PITARO: The days of us walking into a client’s office and saying, ‘This is what we have. Take it or leave it,’ are over. It’s all about customization and working with a client, cultivating partnerships.
Q: So where are we foremost seeing the effects of the economy?
RAAB: We’re certainly feeling it, but as I think was mentioned earlier, we’re not feeling it I think as badly because so many of our [digital] deals are tied to TV deals. And for us, our upfront period has sort of become fourth quarter and first quarter. Much of our business, of course, is around the Mets and a lot of that got clarified early this year. And now, going into this period again, we’ve just picked up a huge property in the Big East, which is something we’ve never had before. Some of this we’re still figuring out, but it’s new. It’s a new opportunity and we’re out there knocking on doors.
Q: Brian, what about the NFL? Where are you seeing the effects of the economy, particularly online?
ROLAPP: Again, a lot of stuff is contracted longer-term, just like John was mentioning. But you’ve seen it -- GMC was an example Jeff brought up. Here’s a traditionally big NFL sponsor who’s just saying that the money is drying up. And if they’re pulling back Super Bowl 30 [second spots], you know they’re pulling back everywhere. I think we compete for a fair amount of discretionary spend, just like everyone else does, and it starts with sponsors who are looking to activate around their sponsorships. But there are also non-sponsors, and since the NFL has adopted a media model to go along with the sponsorship model, it means that if you’re not an NFL sponsor, you can actually get in and associate with NFL content under certain parameters. And so, I think we’re feeling it there.
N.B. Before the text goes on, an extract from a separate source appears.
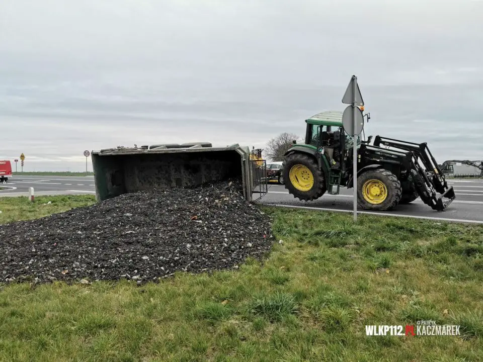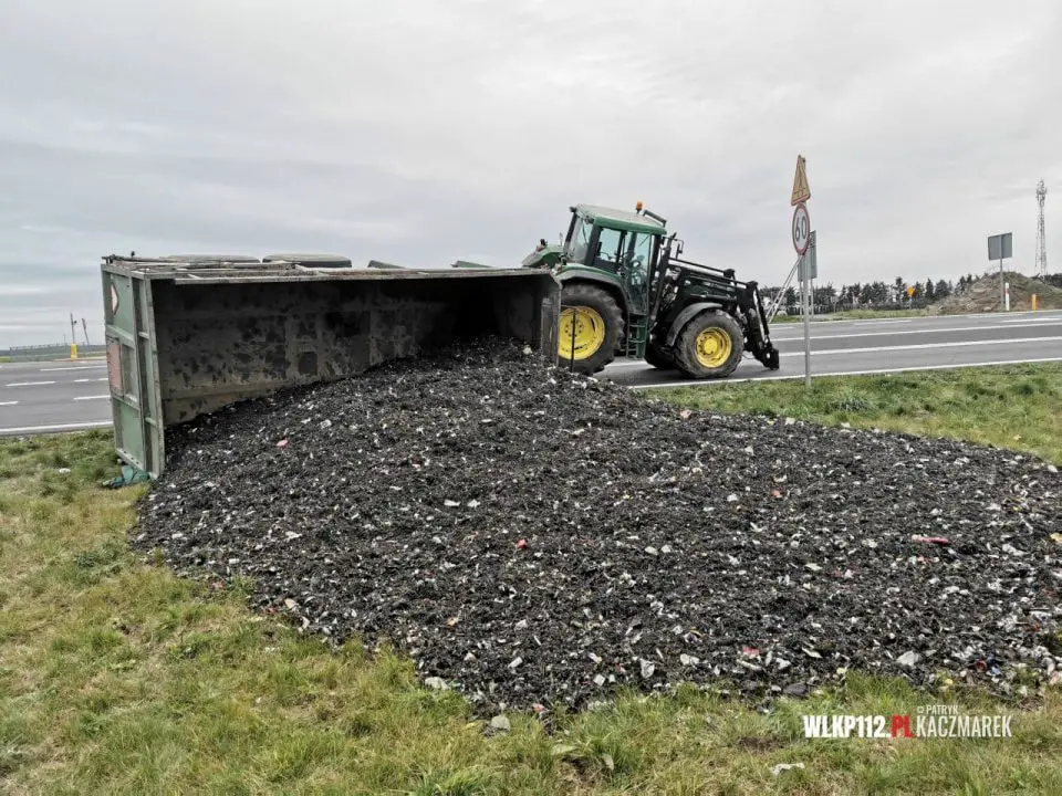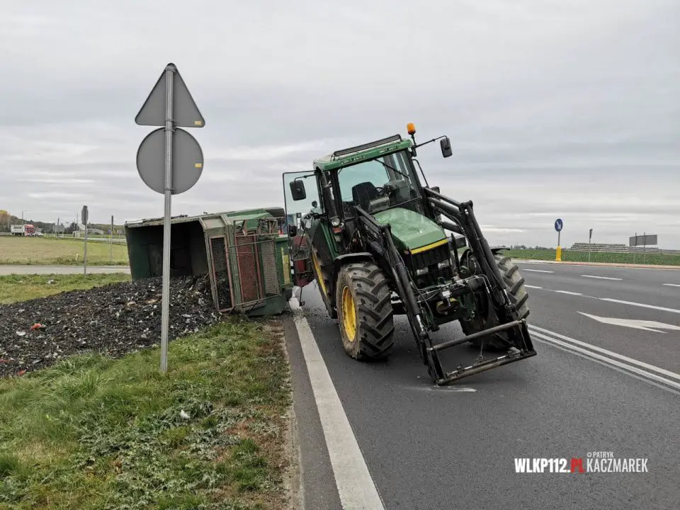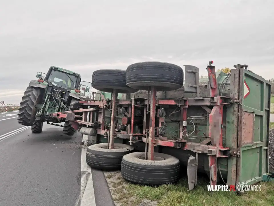Do zdarzenia doszło około godziny 15:00. Za miejscowością Granowo w kierunku Strykowa na 148 kilometrze drogi krajowej numer 32 na łuku drogi ciągnik rolniczy wypadł z drogi. Z naczepy wysypała się przewożony ładunek. Na miejsce zadysponowano jeden zastęp strażaków zawodowych z Jednostki Ratiwniczo-Gaśniczej z Grodziska Wielkopolskiego oraz ochotników z Granowa.

We’re hitting our numbers. We’re sort of on track. But we’ve got a lot of football left to play and a there’s lot of money in the market. And it’s incumbent upon us to execute not only from a sales standpoint, but also from an execution and programming standpoint. We’re not running around the building with our hair on fire just yet. But we’ve got a healthy level of paranoia to keep us moving. And as some people have often said, only the paranoid survive in this business, and I think we’re no different.
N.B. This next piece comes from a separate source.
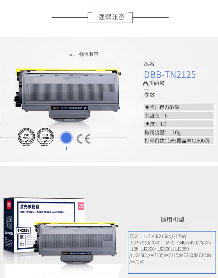 【得力DBB-TN2125硒鼓】deli得力办公文具文具佳和旗舰店出售打印机硒鼓,deli得力DBB-TN2125大容量黑色硒鼓激光墨粉盒碳粉盒,规格齐全欢迎订购。咨询电话:1352-280-4330!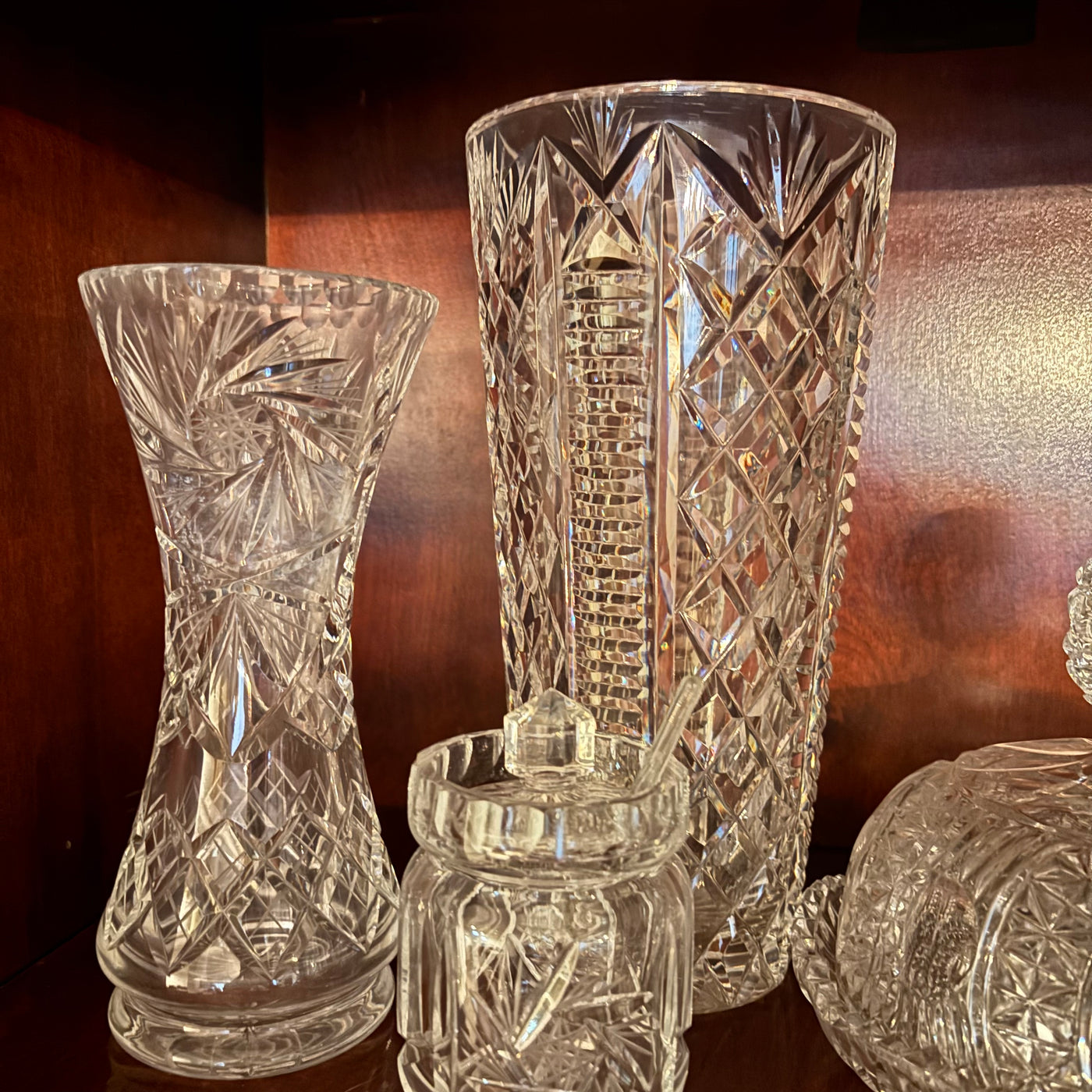CRYSTAL AND CUT GLASS GROUPING - P112

PRICE: Also looking forward, the buying cycles for digital have moved. If you look back to 2006, 2005, deals were coming literally a month prior to their running. Many of the major deals we’re now seeing are coming six, eight, 12 months in advance as digital planning has become more sophisticated and is starting to match up against TV upfronts as seasons go. So we’re now in first and second quarter [of 2009] in a lot of advertiser conversations, that’s where we need to see how this all plays out [with the economy]. I don’t think it’s been an immediate impact, but we need to see where the economy evolves.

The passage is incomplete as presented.